A mathematical algorithm that speeds up healing
scientists at Ohio State University in usa have developed a math model to facilitate treatment for wounds that heal slowly or have no chances of healing. Wounds take long to heal when they do not get adequate blood supply, nutrients and oxygen. Such wounds, called ischaemic, are a common complication of diabetes, high blood pressure and other conditions. The model could be the beginning of hope for over six million people in the US who suffer ischaemic wounds and are at risk of losing limbs or even dying.
With this model, we can take the next step to find what factors in the equations can be fine-tuned to the point where the net result is improvement in the ischaemic wound, said Chandan Sen, professor and vice chair for research in Ohio states department of surgery in usa, in the study published online in the Proceedings of the National Academy of Sciences on September 21.

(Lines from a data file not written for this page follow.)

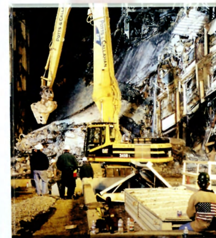
Collapsed section at the Pentagon - it held for up to 30 minutes after the attack because of security designs.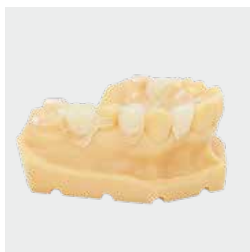
Tension-free and invisible restorations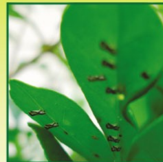
Adult psyllids feeding on young flush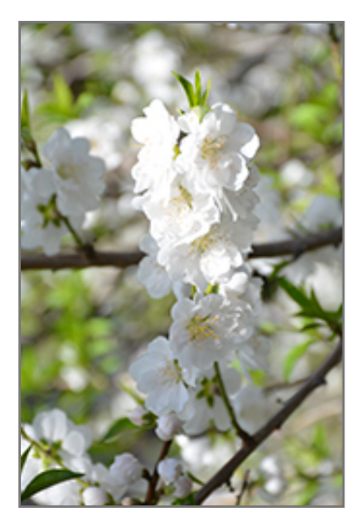
Early White Ornamental Peach flowers

This tree will require occasional maintenance and upkeep, and should only be pruned after flowering to avoid removing any of the current season's flowers. Gardeners should be aware of the following characteristic(s) that may warrant special consideration;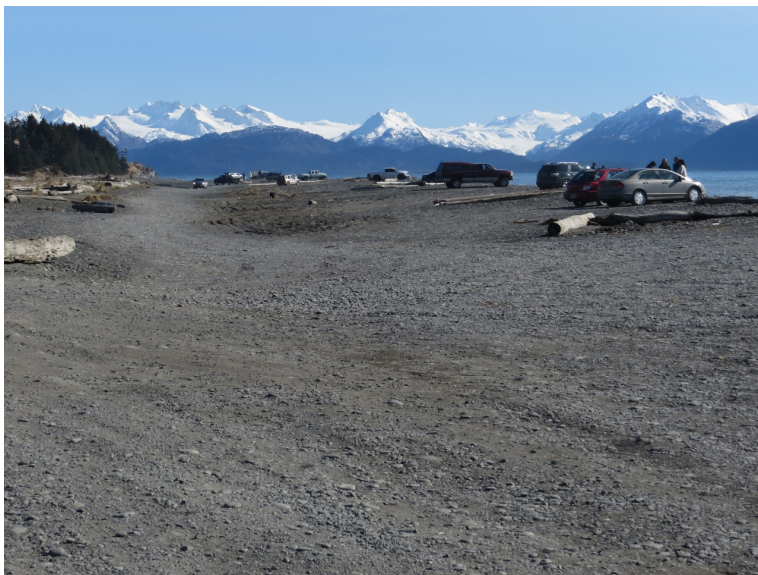
So many cars are damaging the berm now, vegetation can hardly survive.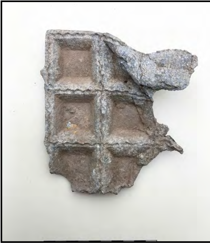
An aluminum ravioli tray, c. mid-20th century. Though the crew did not collect artifacts, they recorded surface finds using the project iPad and scaled photograph board.

The model simulated ischaemic and non-ischaemic wounds. It showed normal wounds had higher concentrations of proteins and cells required for healing. Ischaemic wounds lacked oxygen and remained inflammatory. The model assigned values to the various cells and chemicals involved in wound-healing.

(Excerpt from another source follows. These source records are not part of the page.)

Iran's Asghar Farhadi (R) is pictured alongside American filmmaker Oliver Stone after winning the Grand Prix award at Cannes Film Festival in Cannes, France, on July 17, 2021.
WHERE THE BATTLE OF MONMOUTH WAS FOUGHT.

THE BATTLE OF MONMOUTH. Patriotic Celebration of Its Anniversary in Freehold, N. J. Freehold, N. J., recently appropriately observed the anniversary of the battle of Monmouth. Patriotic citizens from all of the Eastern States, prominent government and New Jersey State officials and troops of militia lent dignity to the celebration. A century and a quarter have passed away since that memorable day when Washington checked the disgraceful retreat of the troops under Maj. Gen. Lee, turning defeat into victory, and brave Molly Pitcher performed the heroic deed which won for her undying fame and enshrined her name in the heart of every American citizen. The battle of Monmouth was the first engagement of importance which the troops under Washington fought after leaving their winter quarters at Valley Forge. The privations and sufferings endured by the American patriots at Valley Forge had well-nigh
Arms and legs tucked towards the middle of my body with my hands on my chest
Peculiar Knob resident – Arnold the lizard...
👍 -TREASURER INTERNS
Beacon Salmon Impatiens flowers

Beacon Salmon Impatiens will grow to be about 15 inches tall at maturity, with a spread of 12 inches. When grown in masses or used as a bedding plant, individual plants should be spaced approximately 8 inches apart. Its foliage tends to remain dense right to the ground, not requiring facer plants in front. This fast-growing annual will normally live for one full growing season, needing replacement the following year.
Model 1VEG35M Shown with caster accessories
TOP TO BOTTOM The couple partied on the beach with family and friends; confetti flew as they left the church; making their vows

Healing involves interactions among different soluble chemical mediators, cells and extracellular matrix (ecm). Wound healing is represented by four overlapping stages: haemostasis, inflammation, proliferation and remodeling. During haemostasis, immediately after injury, platelets cause clotting. During inflammation, neutrophils and macrophages kill infectious pathogens. Neutrophils are white blood cells that engulf and digest germs; macrophages clean out the debris at the injury site. Proliferation involves production of ecm and growth of new blood vessels. ecm acts as the bed for tissue repair and contributes to scar formation. In the remodeling phase, cells interact to increase the tensile strength of the ecm that might take several years.
The study, said Sen, was not restricted to what therapy should be used for ischaemic wounds. Mathematical algorithms provide more pointed data that biologists can use to develop hypotheses, he said.